Shlaer and his colleagues created a numerical simulation of cosmic string loop formation and ran it on a supercomputer cluster at the university. The results told them how big loops are likely to be when they form, and by extrapolating, the researchers calculated the number and size of the loops that might exist in the universe at any given time. The results depend on how taut the strings are—a property determined by the temperature of the universe when they were formed. For a likely range of tensions, the scientists calculated that billions of cosmic string loops could exist today. “The Tufts group has done a heroic job with the string simulations, and they pin down important features of the loop distribution critical for predicting gravitational-wave emission and their effects on millisecond pulsar timing,” says Tanmay Vachaspati, a physicist at Arizona State University in Tempe who wasn’t involved in the research.

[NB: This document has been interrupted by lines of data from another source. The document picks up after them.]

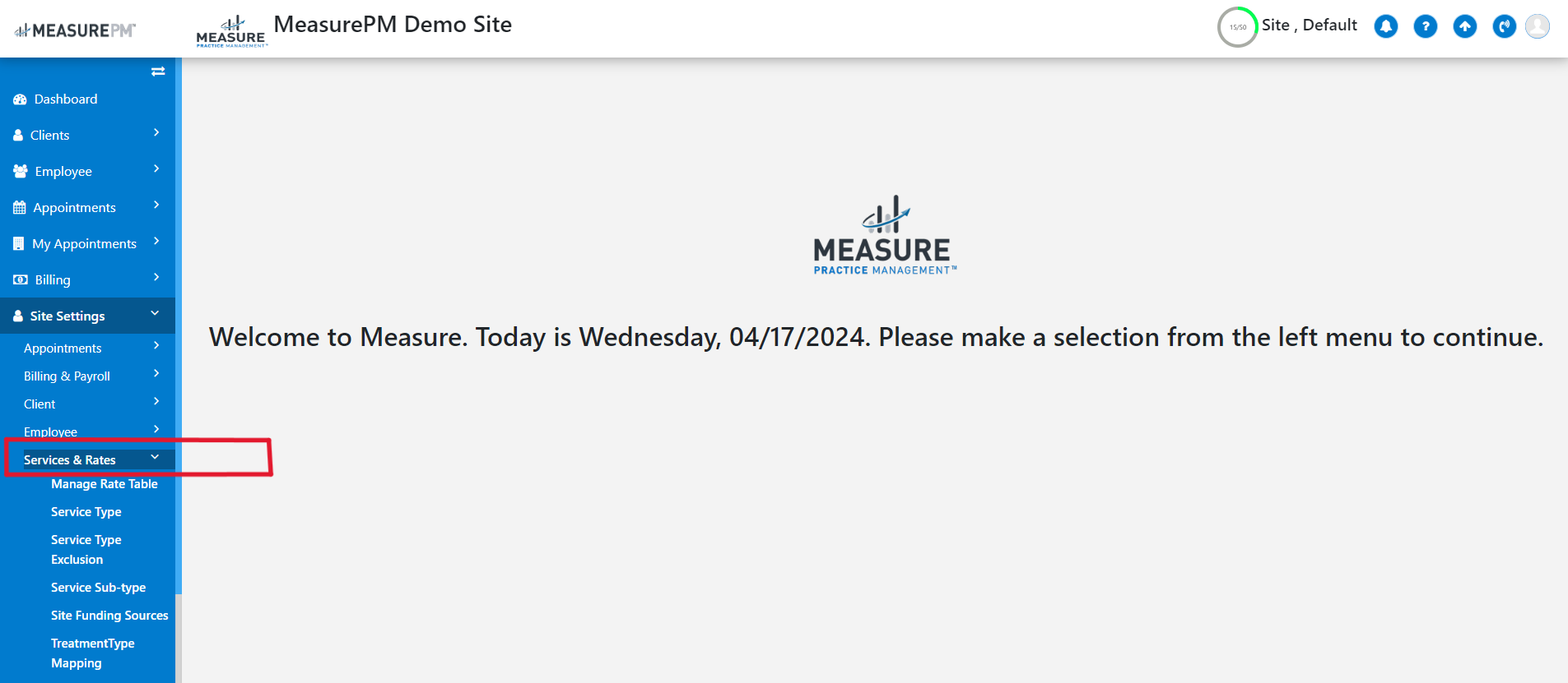 Step 2: Click 'Services and Rates' on the submenu. (As shown in the image below)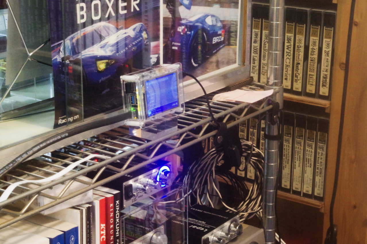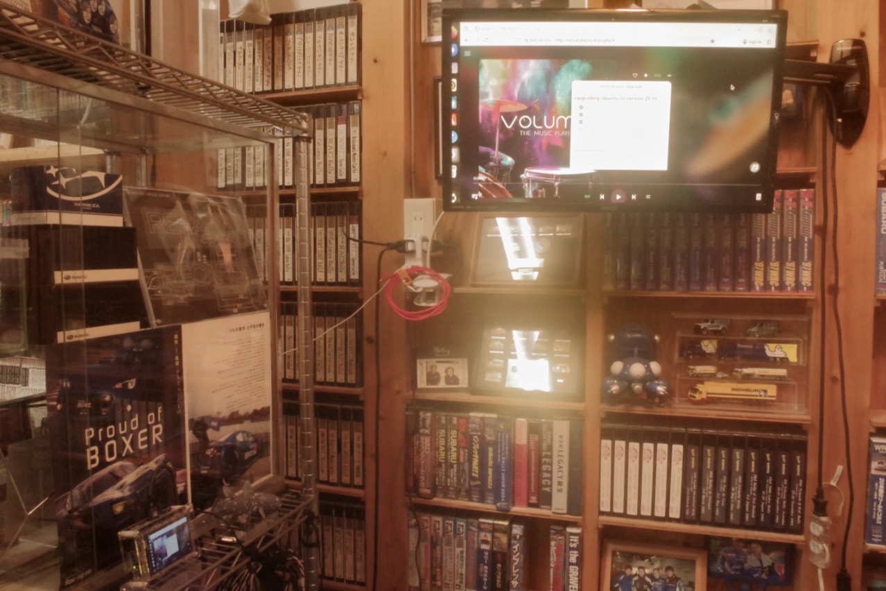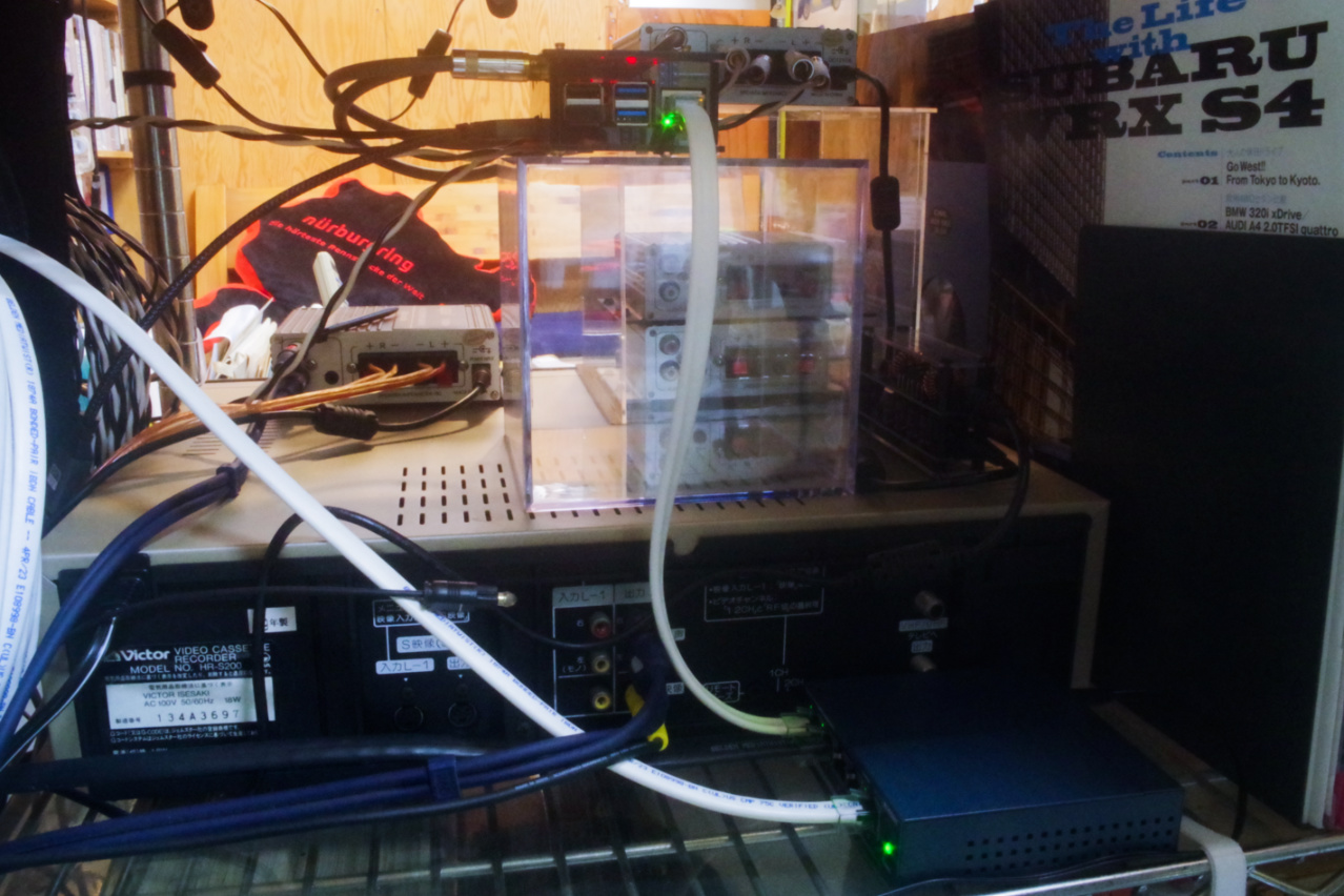 まず一段上の棚にはOsoyoo 3.5inch monitor + Raspberry Pi 4 model B 4GB PC のデバイス、そして元々このスペースはこのために確保したようなものですが、一番下にまるで舞台のように横たわる、Victor HR S200 S-VHSビデオデッキがあります。
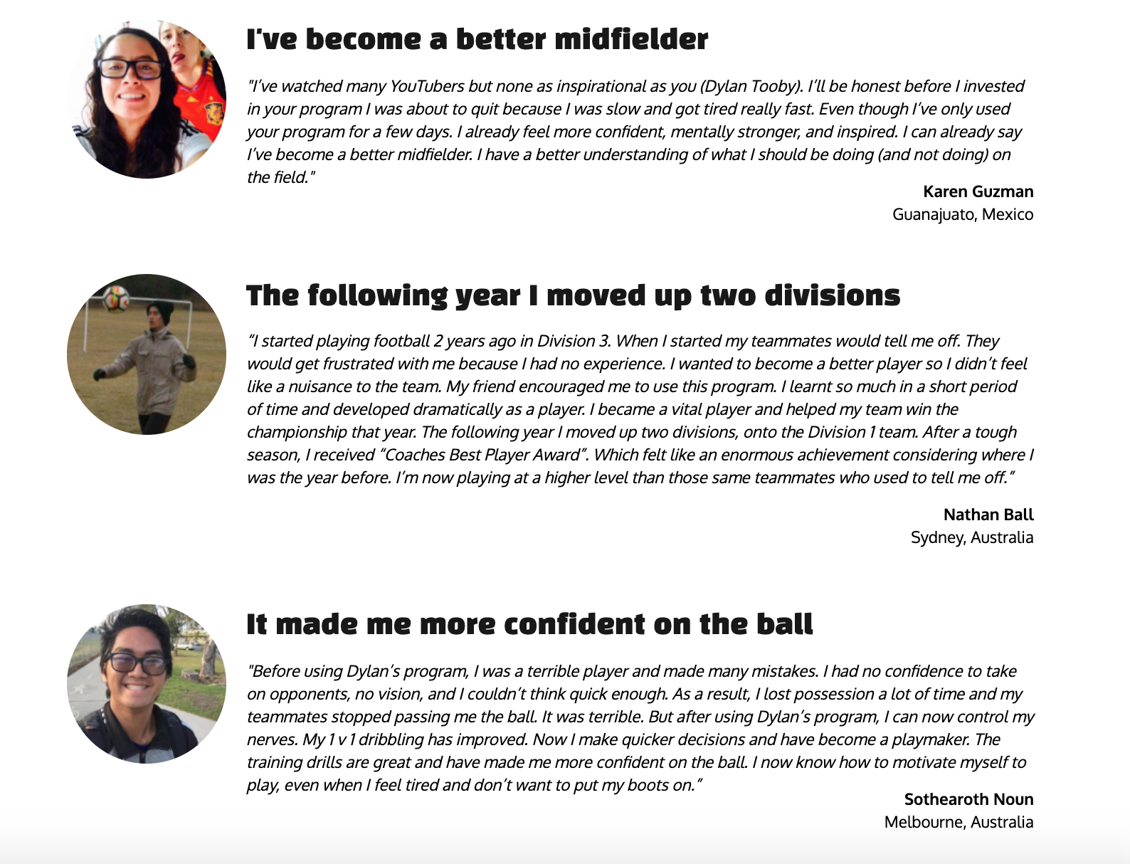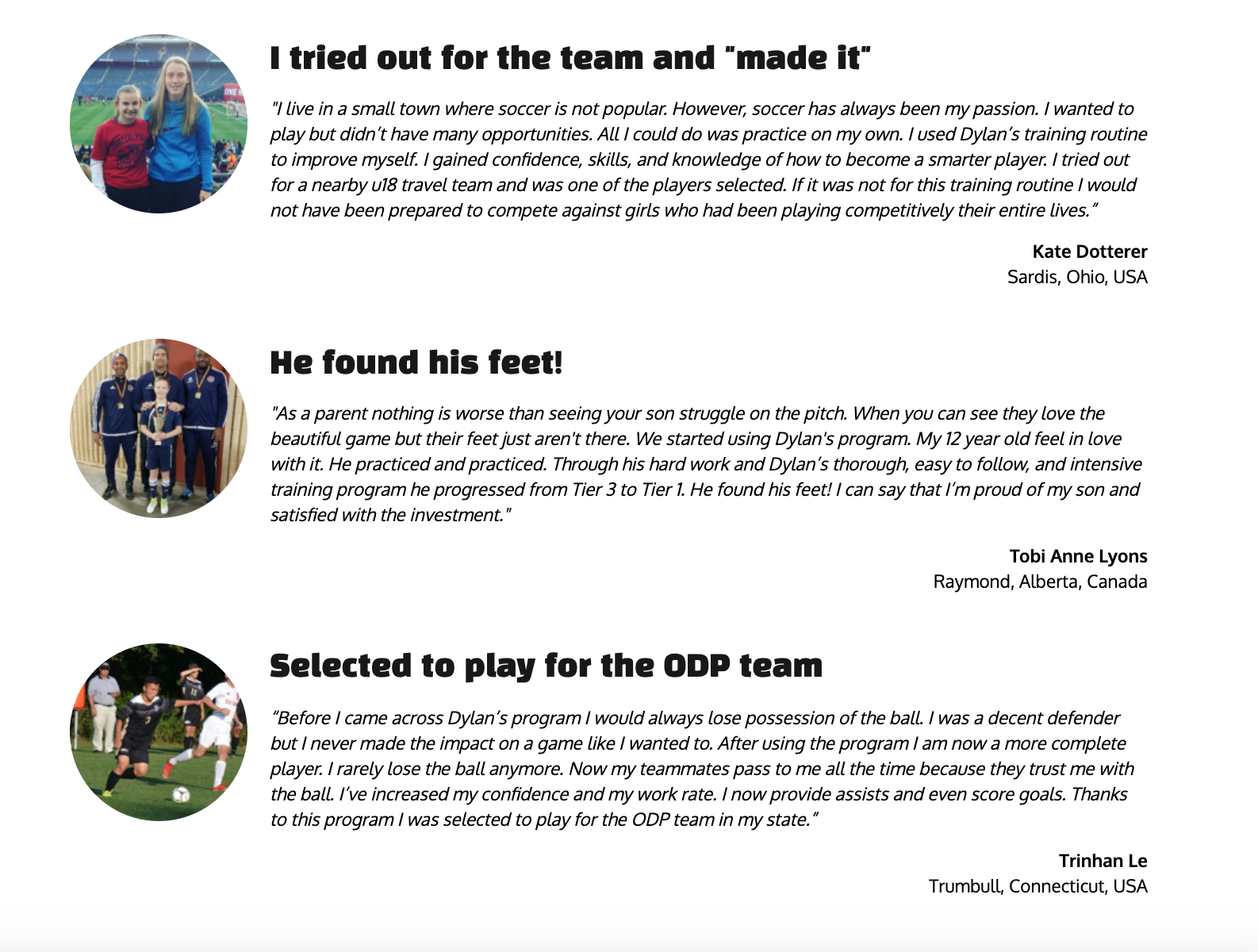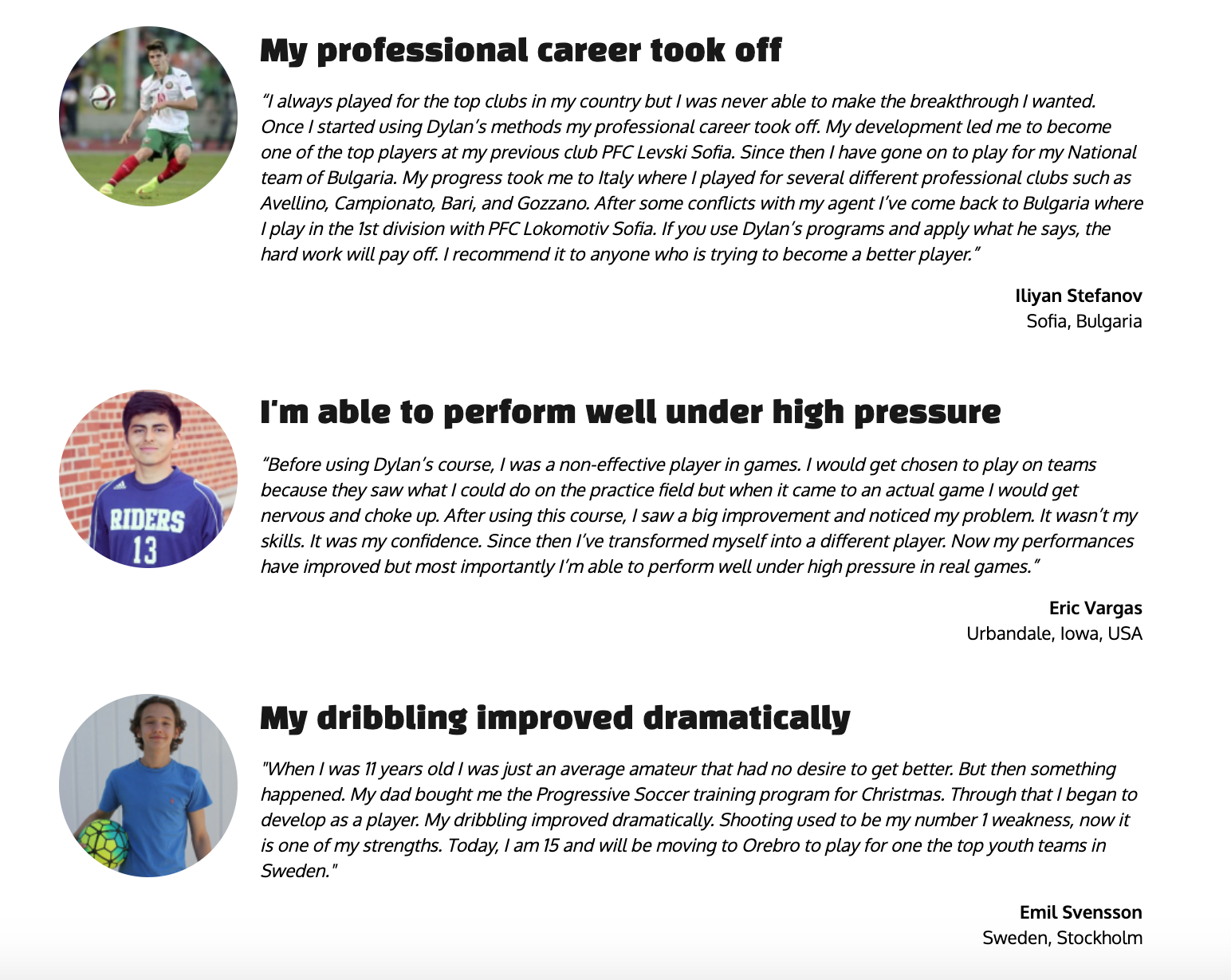 I’ll share with you my personal daily routine and send you detailed instructions including drills, sets, repetitions, and times to follow along at first before you eventually create your own unique daily routine for never ending soccer improvement.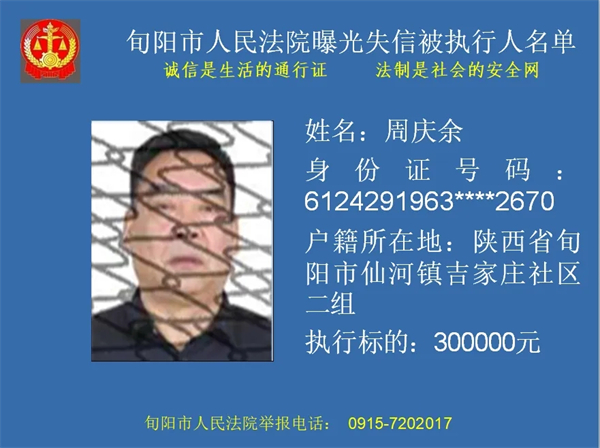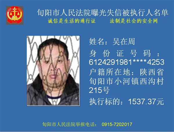 曝光失信 | 旬陽(yáng)法院發(fā)布2024年第一期失信被執(zhí)行人名單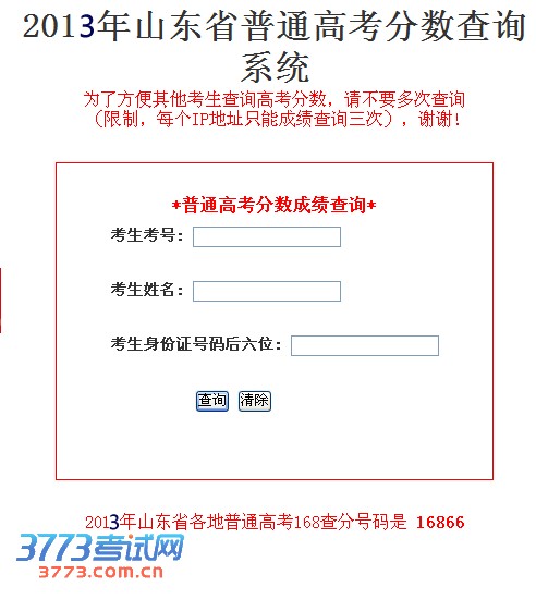 2013山东高考成绩查询查分入口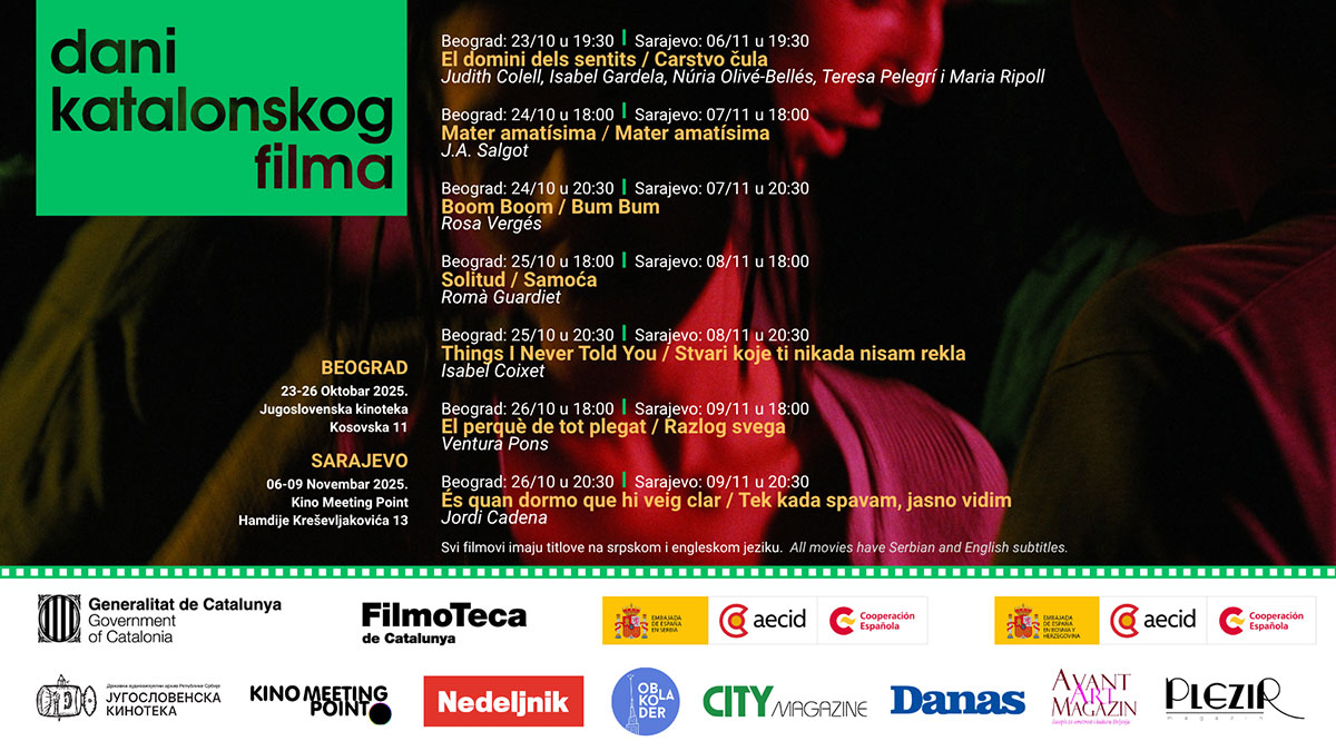 Manifestacija Dani katalonskog filma predstaviće sedam filmova, vođenih tematskom linijom: Žene, pogledi i disidencije.  Izabran u punoj saradnji sa Filmotekom Katalonije, ovogodišnji program je formiran kao svojevrsno putovanje kroz noviju istoriju katalonskog filma, njegovu raznolikost izraza i senzibiliteta.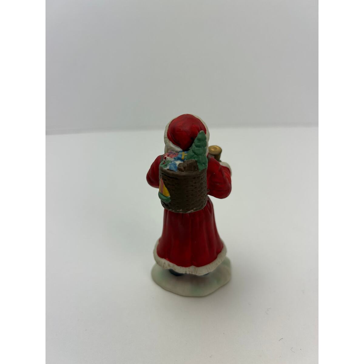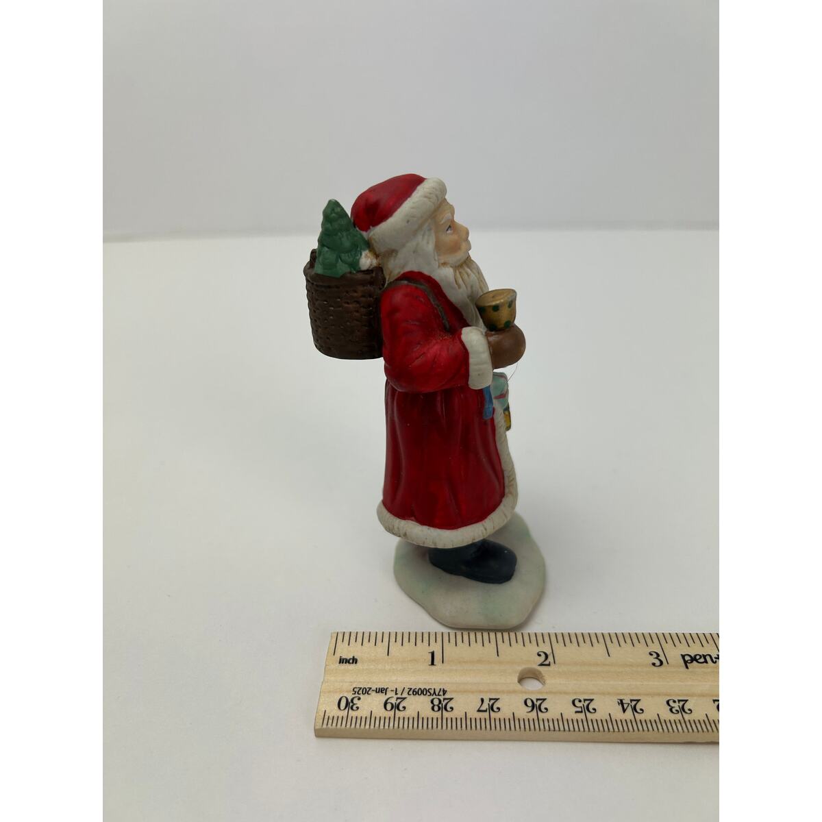 Hand-painted 4-inch ceramic Santa Claus figurine from the Christmas Traditions line. Depicts Santa in a red coat holding a cup, with toys and a tree in his pack. Comes with its original small red retail box showing moderate shelf wear. Stands freely and displays well for vintage-style holiday decor.

The new study gives observers a better idea of what to look for in the quest to find evidence of cosmic strings. The strings would create gravitational waves that could be detectable by elaborate wave-detecting facilities such as LIGO (the Laser Interferometer Gravitational-Wave Observatory) in the U.S. or by studies of rapidly rotating stars called pulsars, which emit beacons of light with clockwork precision. If astronomers on Earth notice a change in the arrival time of light from pulsars, it could mean a gravitational wave has hit our planet. The fact that no evidence for gravitational waves has yet been found already eliminates the possibility of cosmic strings with a given range of tensions. Whether or not any cosmic strings exist is still an open question.
If they are out there, now we know they would be abundant.